In Virginia and other southern colonies, Siouan-speaking tribes constituted a third major language family, with their peoples occupying much of the middle areas of the interior. Iroquoian speakers, such as the Cherokee and Tuscarora peoples, generally occupied areas to the interior near the Piedmont and foothills.

History

In 1615, the river was traversed by the French explorer Étienne Brûlé. In the 1670s the Conestoga, or Susquehannock people, succumbed to Iroquois conquest by the powerful Five Nations of the Iroquois League based in present-day New York, who wanted to control the fur trade with Europeans. The Susquehannock assimilated with the Iroquois. In the aftermath, the Iroquois resettled some of the semi-tributary Lenape in this area, as it was near the western boundary of the Lenape's former territory, known as Lenapehoking.
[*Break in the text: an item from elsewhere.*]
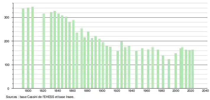 L'évolution du nombre d'habitants est connue à travers les recensements de la population effectués dans la commune depuis 1793. Pour les communes de moins de 10 000 habitants, une enquête de recensement portant sur toute la population est réalisée tous les cinq ans, les populations de référence des années intermédiaires étant quant à elles estimées par interpolation ou extrapolation[23]. Pour la commune, le premier recensement exhaustif entrant dans le cadre du nouveau dispositif a été réalisé en 2008[24].
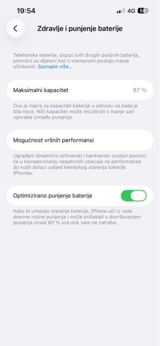 Zdravlje baterije je na 87%

The Susquehanna River has continued to play an important role throughout the history of the United States. In the 18th century, William Penn, the founder of the Pennsylvania Colony, negotiated with the Lenape to allow white settlement in the area between the Delaware River and the Susquehanna, which was part of Lenape territory. In late colonial times, the river became an increasingly important transportation corridor, used to ship anthracite coal, discovered by Necho Allen, from its upper reaches in the mountains to the markets downriver.

In 1779 during the American Revolutionary War, General James Clinton led an expedition down the Susquehanna from its headwaters. His party had made the upper portion navigable by damming the river's source at Otsego Lake, allowing the lake's level to rise, and then destroying the dam and flooding the river in order for his flotilla to travel for miles downstream. James Fenimore Cooper described this event in the introduction to his historical novel, The Pioneers (1823).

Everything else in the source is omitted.